### Requirement
Each line in the material below, starting at the one that contains "There are two" and ending at the one that contains "今回は、屋根の枯葉を掃き落と", should be repeated exactly; the pictures should not.

### Input data
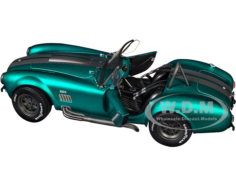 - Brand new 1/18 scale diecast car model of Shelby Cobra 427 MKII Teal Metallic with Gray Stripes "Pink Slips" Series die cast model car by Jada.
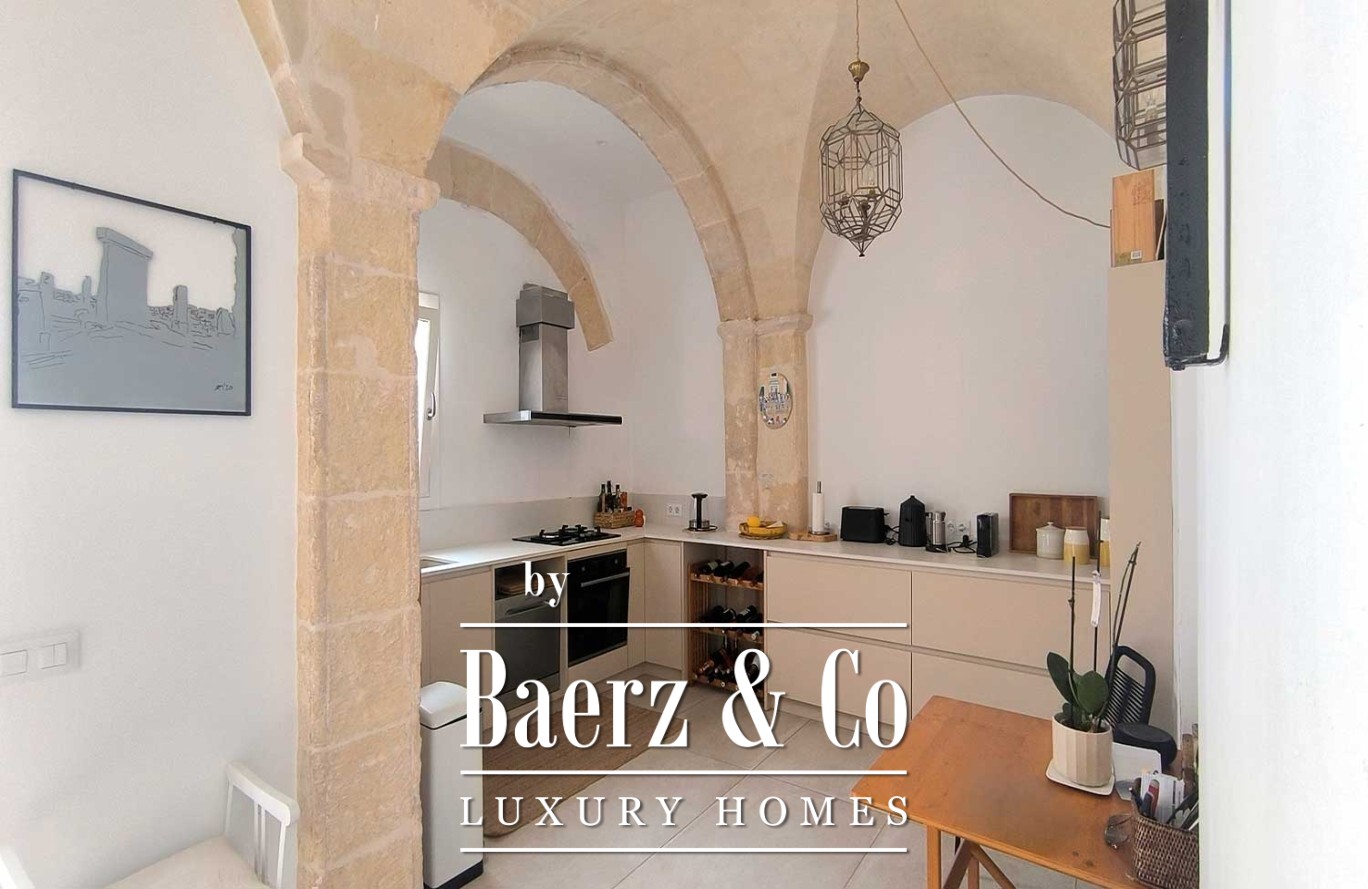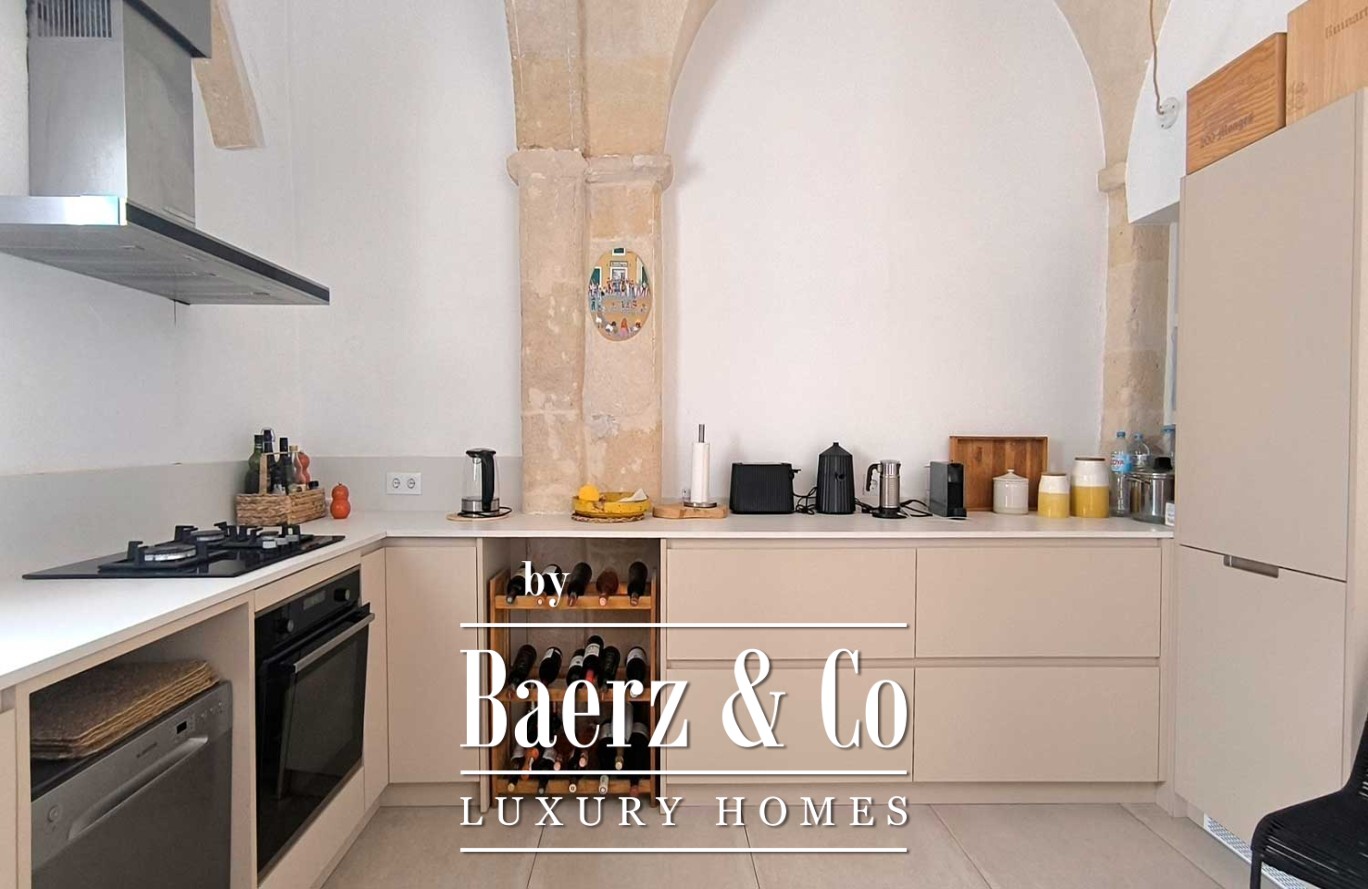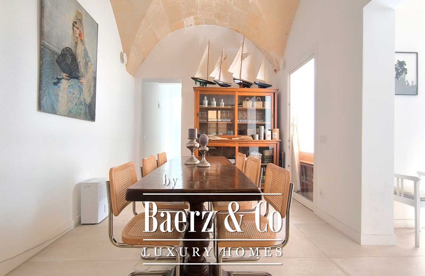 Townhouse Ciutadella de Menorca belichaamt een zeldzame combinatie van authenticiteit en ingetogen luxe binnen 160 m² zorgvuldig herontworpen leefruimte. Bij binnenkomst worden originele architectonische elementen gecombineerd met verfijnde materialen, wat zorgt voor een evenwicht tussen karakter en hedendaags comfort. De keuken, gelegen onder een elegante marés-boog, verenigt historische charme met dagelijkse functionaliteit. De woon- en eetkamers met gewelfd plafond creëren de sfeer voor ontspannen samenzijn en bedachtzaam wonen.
==
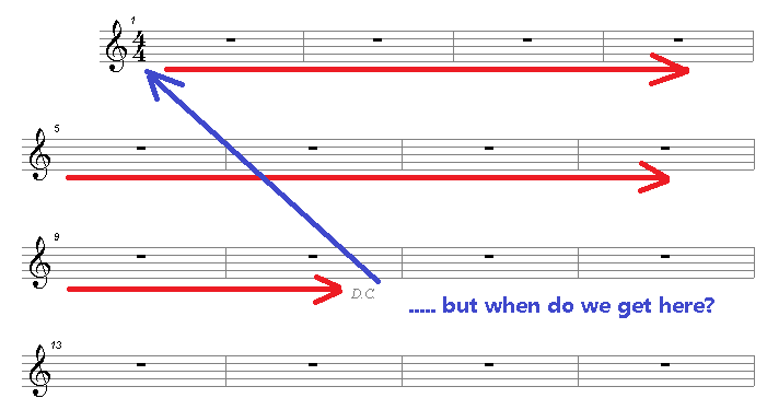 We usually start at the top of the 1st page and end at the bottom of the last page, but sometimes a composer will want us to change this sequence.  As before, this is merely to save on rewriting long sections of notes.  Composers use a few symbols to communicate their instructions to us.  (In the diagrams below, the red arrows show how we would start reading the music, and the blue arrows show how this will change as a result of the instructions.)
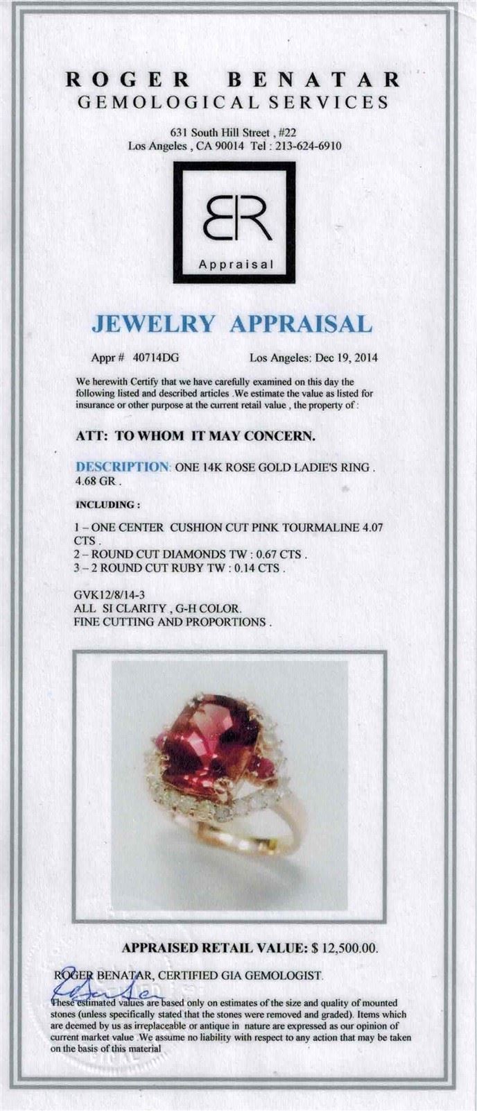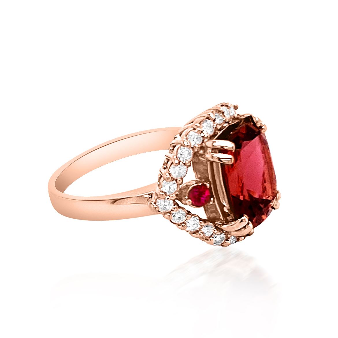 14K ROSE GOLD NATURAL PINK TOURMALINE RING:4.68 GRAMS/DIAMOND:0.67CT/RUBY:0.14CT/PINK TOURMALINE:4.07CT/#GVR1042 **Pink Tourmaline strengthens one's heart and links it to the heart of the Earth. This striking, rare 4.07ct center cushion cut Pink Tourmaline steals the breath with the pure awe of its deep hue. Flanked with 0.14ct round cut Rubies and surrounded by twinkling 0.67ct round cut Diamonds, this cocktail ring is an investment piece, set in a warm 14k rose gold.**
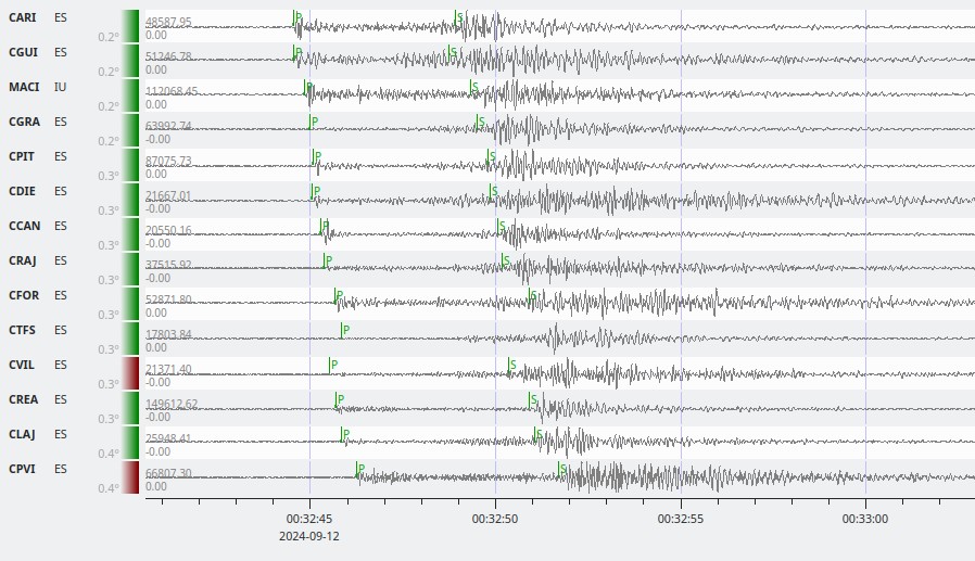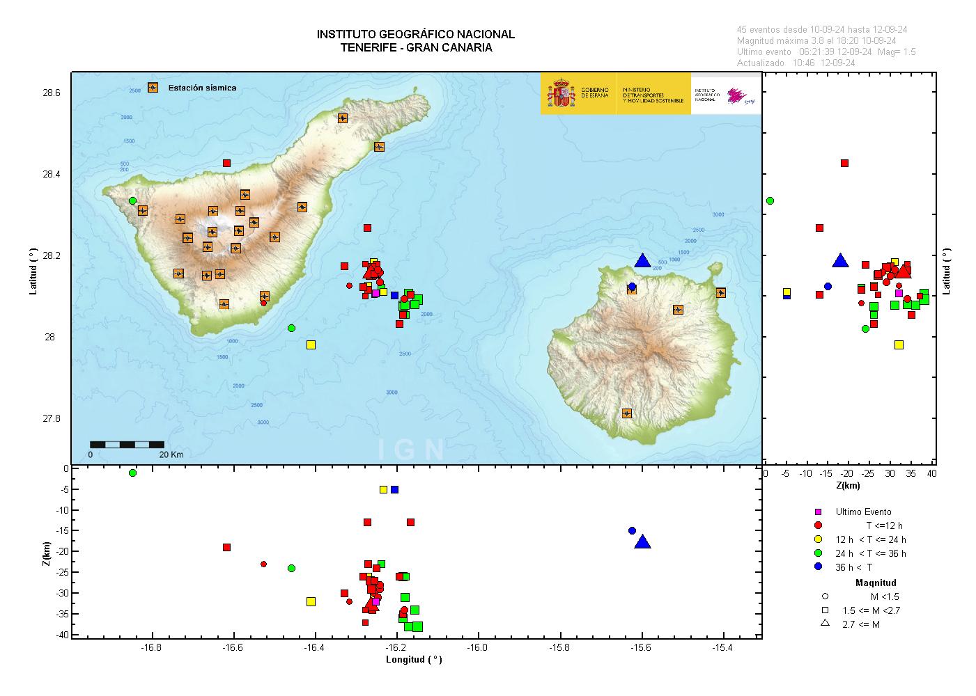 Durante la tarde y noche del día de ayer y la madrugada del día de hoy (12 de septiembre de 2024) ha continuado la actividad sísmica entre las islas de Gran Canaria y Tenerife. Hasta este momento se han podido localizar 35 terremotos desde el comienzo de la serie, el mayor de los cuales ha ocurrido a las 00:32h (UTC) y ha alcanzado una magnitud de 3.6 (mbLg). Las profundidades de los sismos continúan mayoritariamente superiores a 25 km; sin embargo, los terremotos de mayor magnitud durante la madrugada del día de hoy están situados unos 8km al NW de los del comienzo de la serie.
---
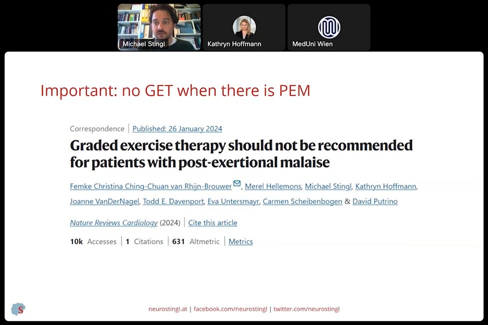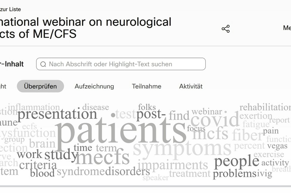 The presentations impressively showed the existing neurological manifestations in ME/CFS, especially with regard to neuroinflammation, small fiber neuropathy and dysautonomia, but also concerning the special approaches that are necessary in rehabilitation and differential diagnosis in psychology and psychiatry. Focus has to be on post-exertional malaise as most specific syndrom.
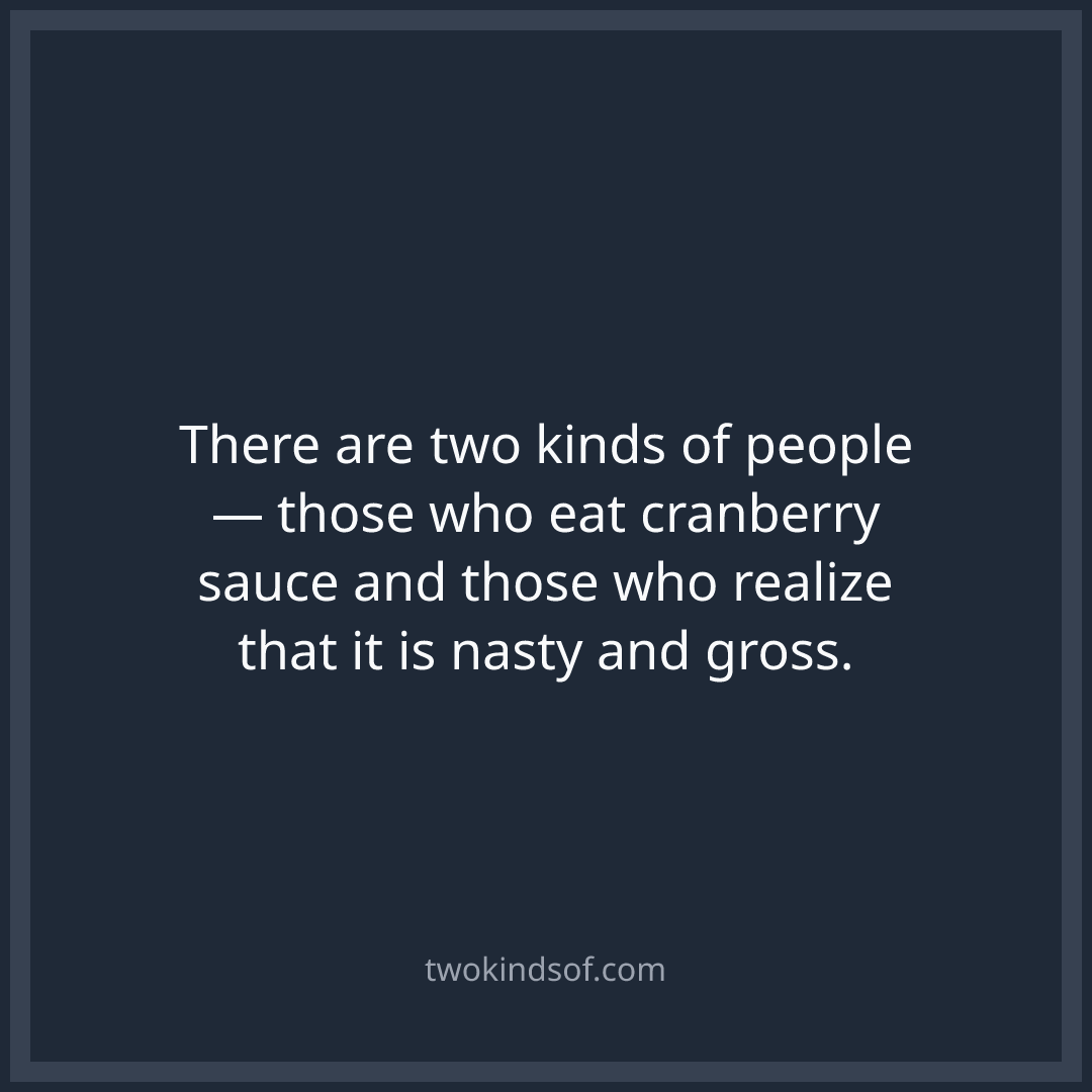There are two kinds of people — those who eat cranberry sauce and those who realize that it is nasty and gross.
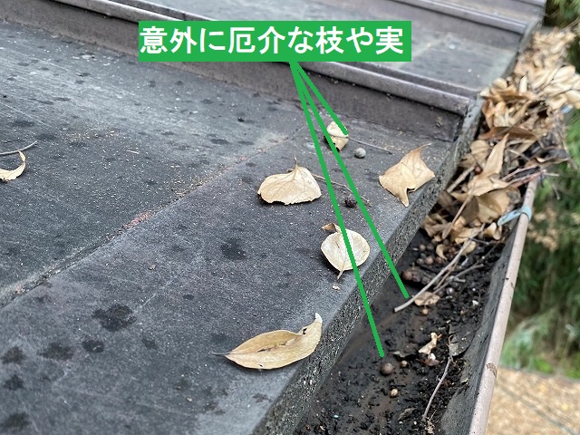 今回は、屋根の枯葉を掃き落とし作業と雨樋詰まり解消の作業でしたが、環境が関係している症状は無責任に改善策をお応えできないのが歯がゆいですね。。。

### Output below
There are two kinds of people — those who eat cranberry sauce and those who realize that it is nasty and gross.
 今回は、屋根の枯葉を掃き落とし作業と雨樋詰まり解消の作業でしたが、環境が関係している症状は無責任に改善策をお応えできないのが歯がゆいですね。。。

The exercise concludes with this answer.